— YOUR OBJECTIVE —
Without including any picture, copy the entries that follow word for word.
---------- SUPPLIED DATA
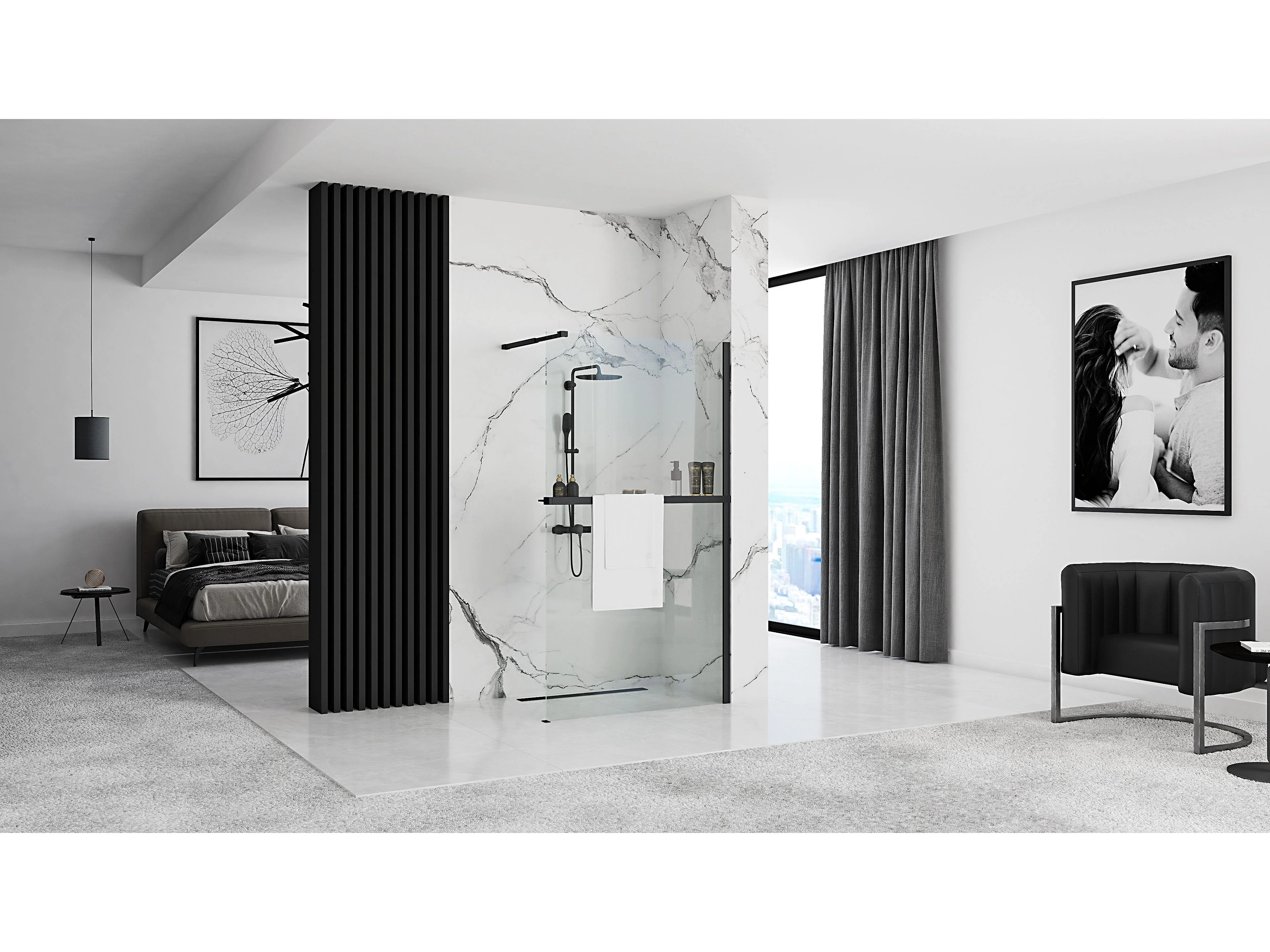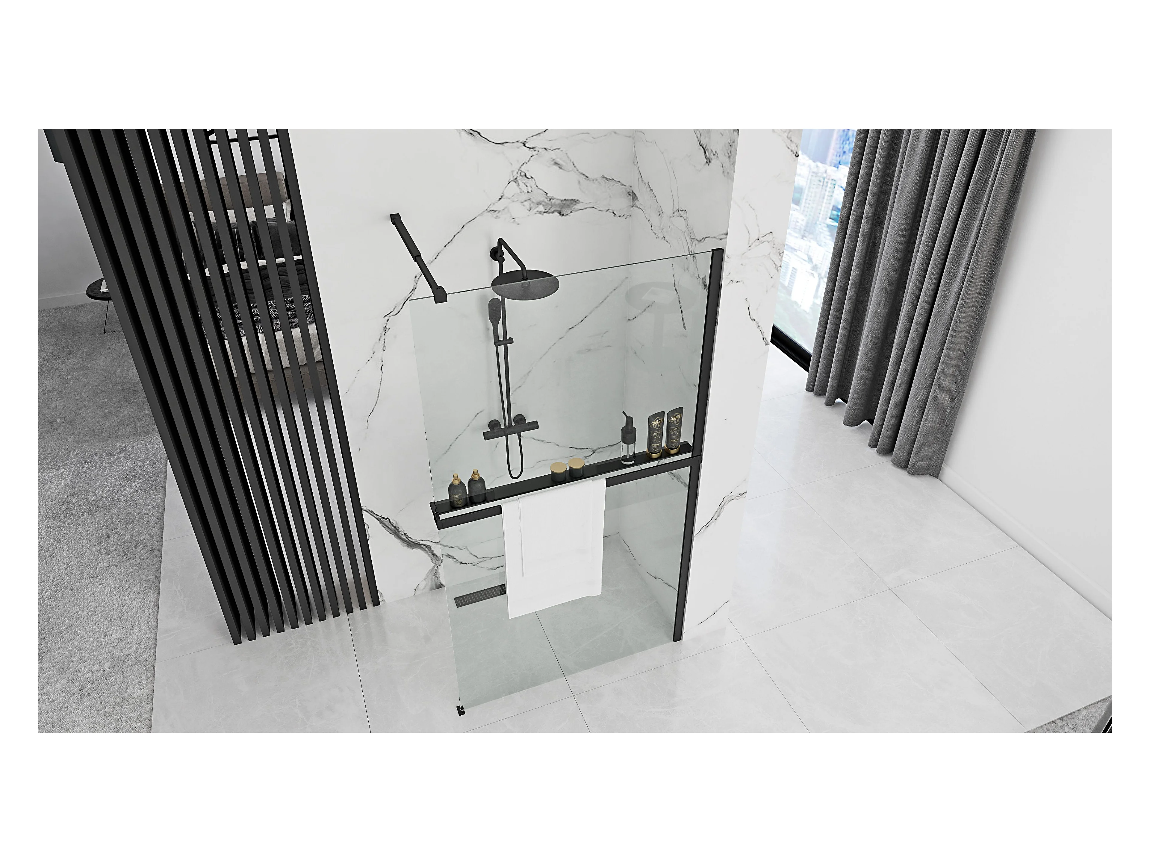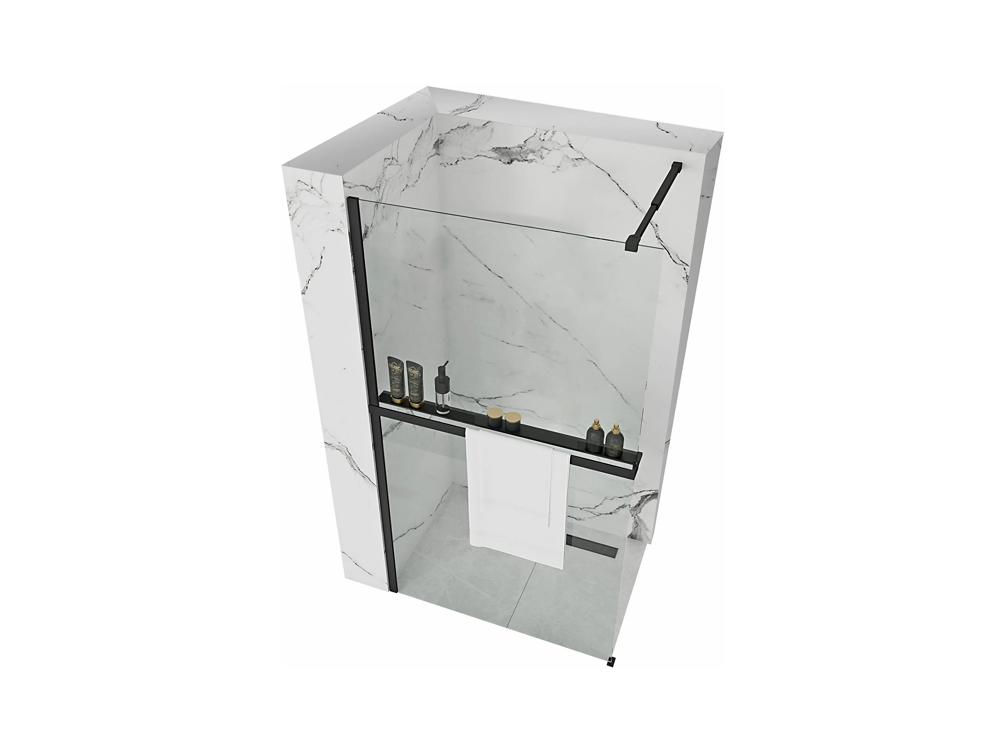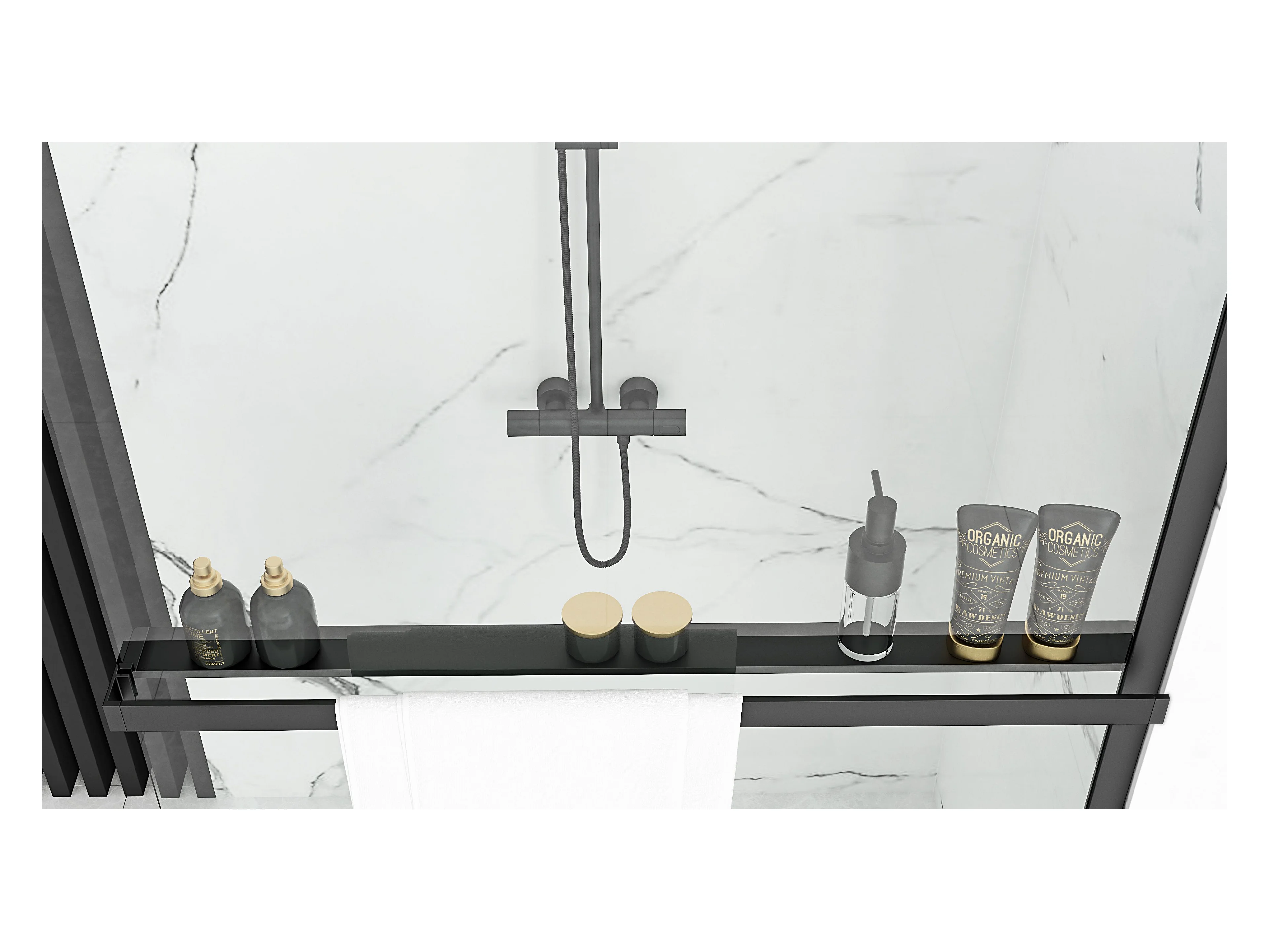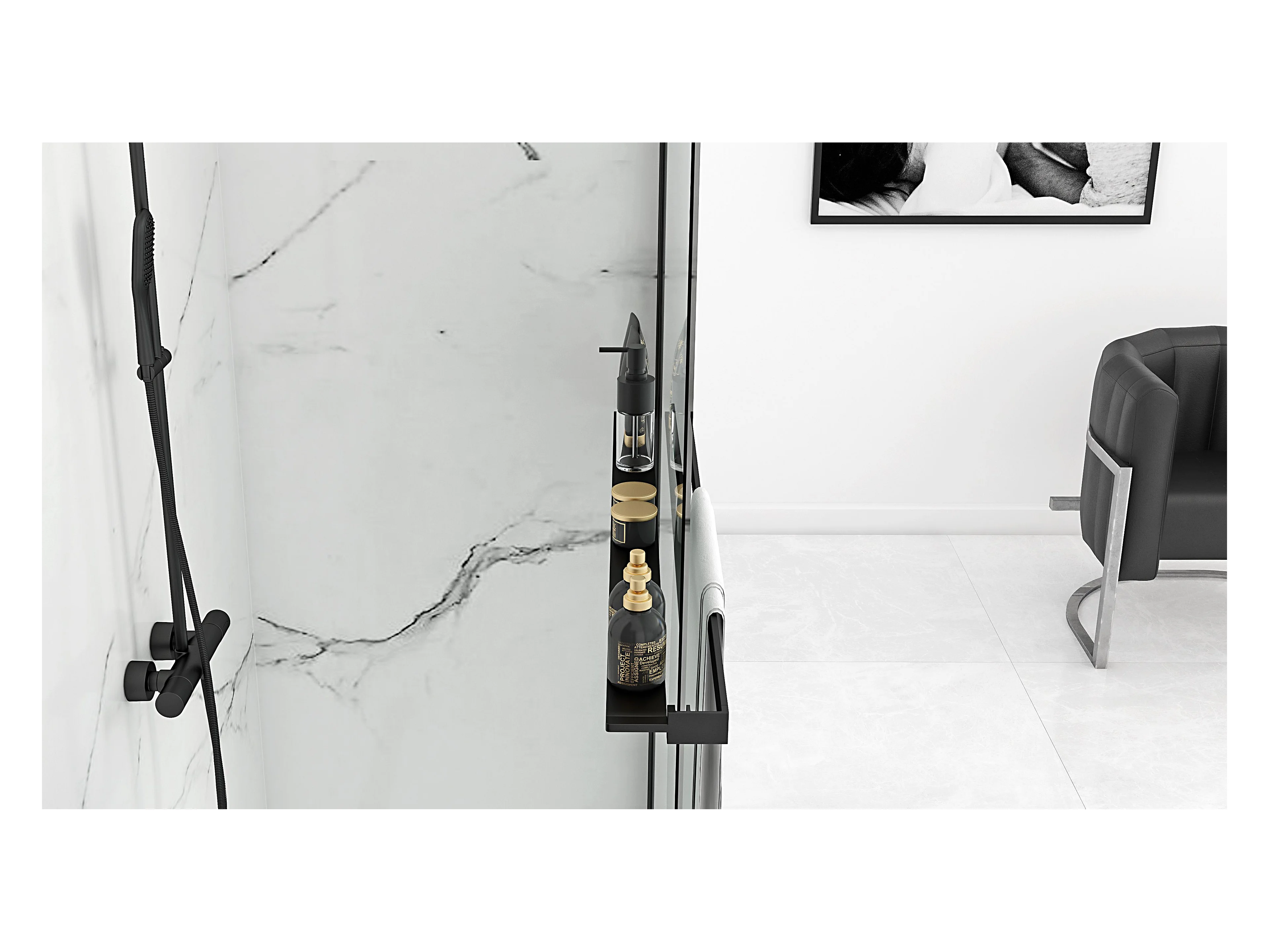 Parede De Chuveiro Rea Aero 120 Black + Prateleira E Cabide Evo
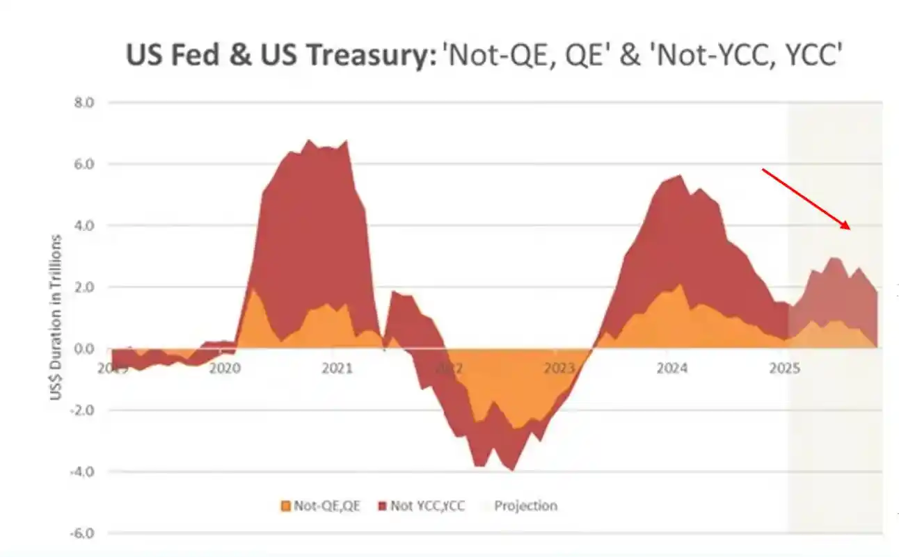 据估计,上述「秘密刺激」在 24 年初为美国市场增加了 5.7 万亿美元。这是通过耗尽逆回购 + 在票据中提前发行新债来实现的。
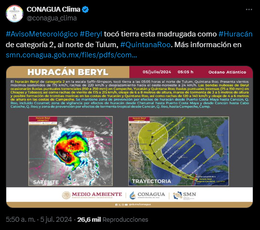 Las autoridades mexicanas reportaron que el Huracán Beryl llegó esta madrugada a las costas de Quintana Roo, un estado ubicado en el sureste del país.
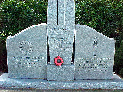 Ce cénotaphe, situé dans le parc Blue Mountain, a été dévoilé le 21 octobre 1972 en hommage aux Canadiens et Canadiennes qui ont servi leur pays dans les Forces armées.
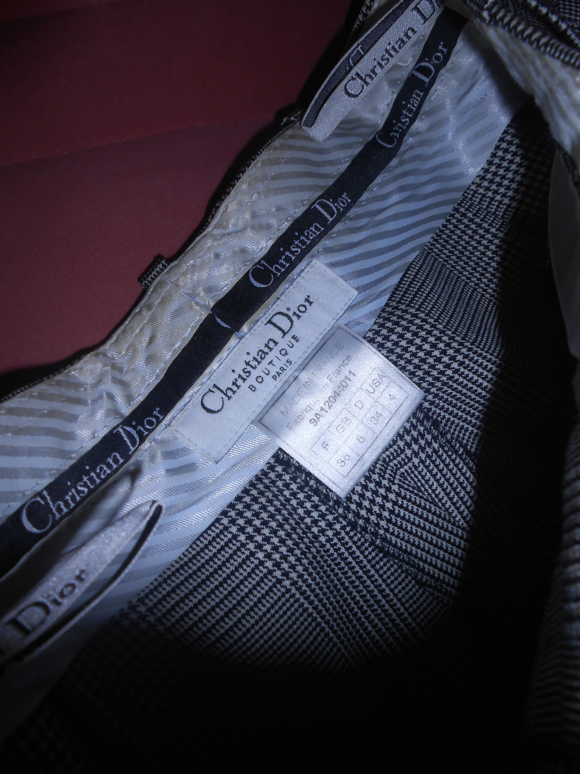 DESCRIPTION : A gorgeous wool suit from Dior's FW 1999 collection by John Galliano. This beautiful Prince of Wales plaid tissue was seen in a few major looks on the runway. This suit rendition is beyond chic, featuring a single button fitted jacket, and high waisted trousers. The jacket has a beautiful lace pattern printed on to the check tissue. Great for any Dior by Galliano collector.
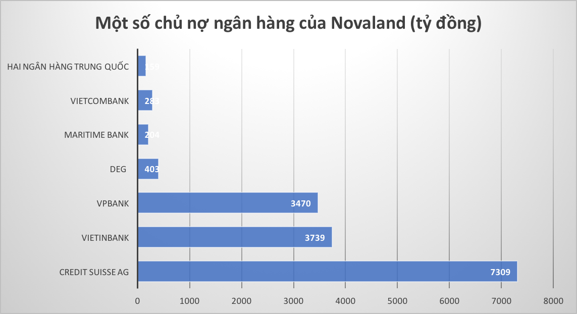 Credit Suisse AG, Chi nhánh Singapore là chủ nợ lớn nhất của Novaland với tổng nợ 7.309 tỷ đồng; Ngân hàng TMCP Việt Nam Thịnh Vượng 3.470 tỷ đồng; Vay DEG (định chế tài chính thuộc Ngân hàng Tái thiết KFW Đức) 430 tỷ đồng; các ngân hàng Trung Quốc…
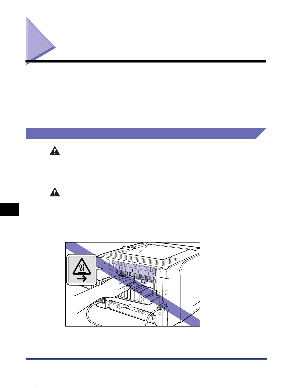 • The fixing unit and its surroundings inside the printer are hot during use. Make
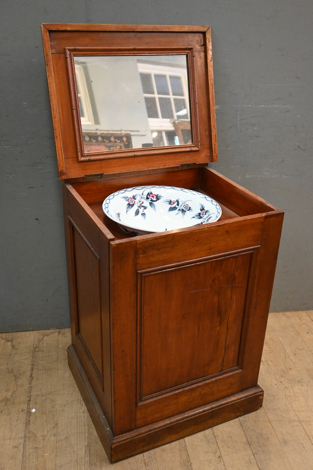 AN ANTIQUE FLIP-TOP WASHSTAND WITH BASIN (A/F) (128H X 82W X 58D CM) (LEONARD JOEL DELIVERY SIZE: X-LARGE)
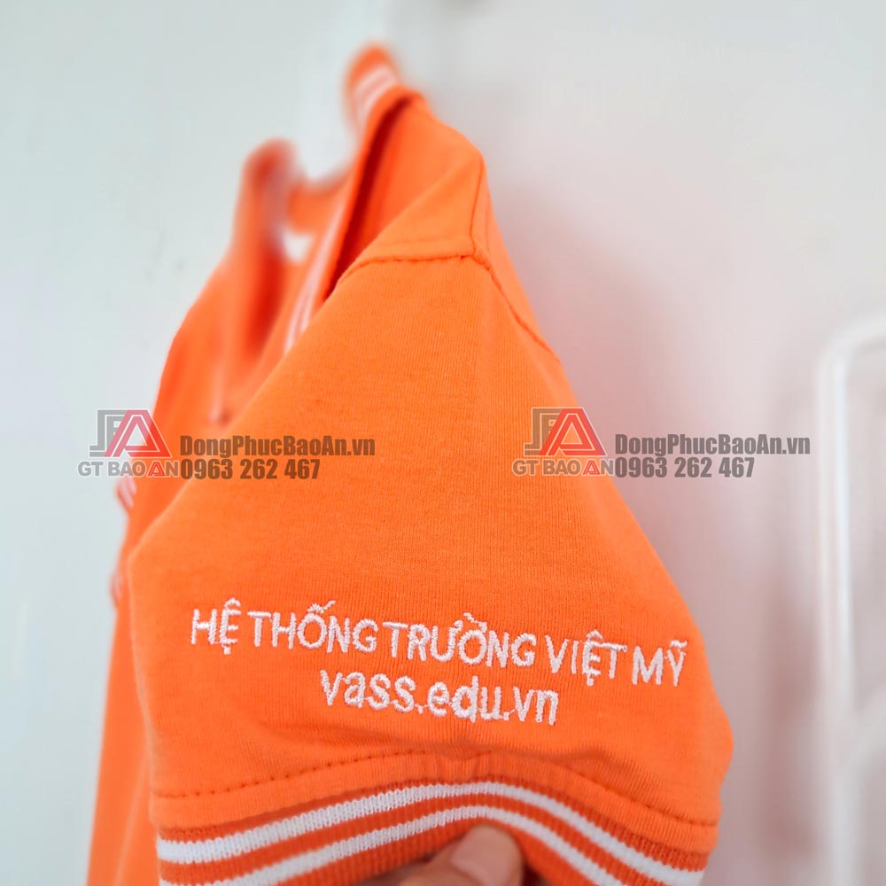 Đồng phục quần áo học sinh mầm non quốc tế Việt Mỹ với thiết kế theo kiểu phương Tây. Đây là mẫu áo màu cam với kiểu cổ bẻ phổ biến, tạo sự năng động, khỏe khoắn cho các bé vui chơi. Với thiết kế tay ngắn giúp các bé thoải mái và dễ mặc. Có phối viền trắng ở cổ và tay áo tạo điểm nhấn.
--------------------
— ANSWER SECTION —
 Parede De Chuveiro Rea Aero 120 Black + Prateleira E Cabide Evo
 据估计,上述「秘密刺激」在 24 年初为美国市场增加了 5.7 万亿美元。这是通过耗尽逆回购 + 在票据中提前发行新债来实现的。
 Las autoridades mexicanas reportaron que el Huracán Beryl llegó esta madrugada a las costas de Quintana Roo, un estado ubicado en el sureste del país.
 Ce cénotaphe, situé dans le parc Blue Mountain, a été dévoilé le 21 octobre 1972 en hommage aux Canadiens et Canadiennes qui ont servi leur pays dans les Forces armées.
 DESCRIPTION : A gorgeous wool suit from Dior's FW 1999 collection by John Galliano. This beautiful Prince of Wales plaid tissue was seen in a few major looks on the runway. This suit rendition is beyond chic, featuring a single button fitted jacket, and high waisted trousers. The jacket has a beautiful lace pattern printed on to the check tissue. Great for any Dior by Galliano collector.
 Credit Suisse AG, Chi nhánh Singapore là chủ nợ lớn nhất của Novaland với tổng nợ 7.309 tỷ đồng; Ngân hàng TMCP Việt Nam Thịnh Vượng 3.470 tỷ đồng; Vay DEG (định chế tài chính thuộc Ngân hàng Tái thiết KFW Đức) 430 tỷ đồng; các ngân hàng Trung Quốc…
 • The fixing unit and its surroundings inside the printer are hot during use. Make
 AN ANTIQUE FLIP-TOP WASHSTAND WITH BASIN (A/F) (128H X 82W X 58D CM) (LEONARD JOEL DELIVERY SIZE: X-LARGE)
 Đồng phục quần áo học sinh mầm non quốc tế Việt Mỹ với thiết kế theo kiểu phương Tây. Đây là mẫu áo màu cam với kiểu cổ bẻ phổ biến, tạo sự năng động, khỏe khoắn cho các bé vui chơi. Với thiết kế tay ngắn giúp các bé thoải mái và dễ mặc. Có phối viền trắng ở cổ và tay áo tạo điểm nhấn.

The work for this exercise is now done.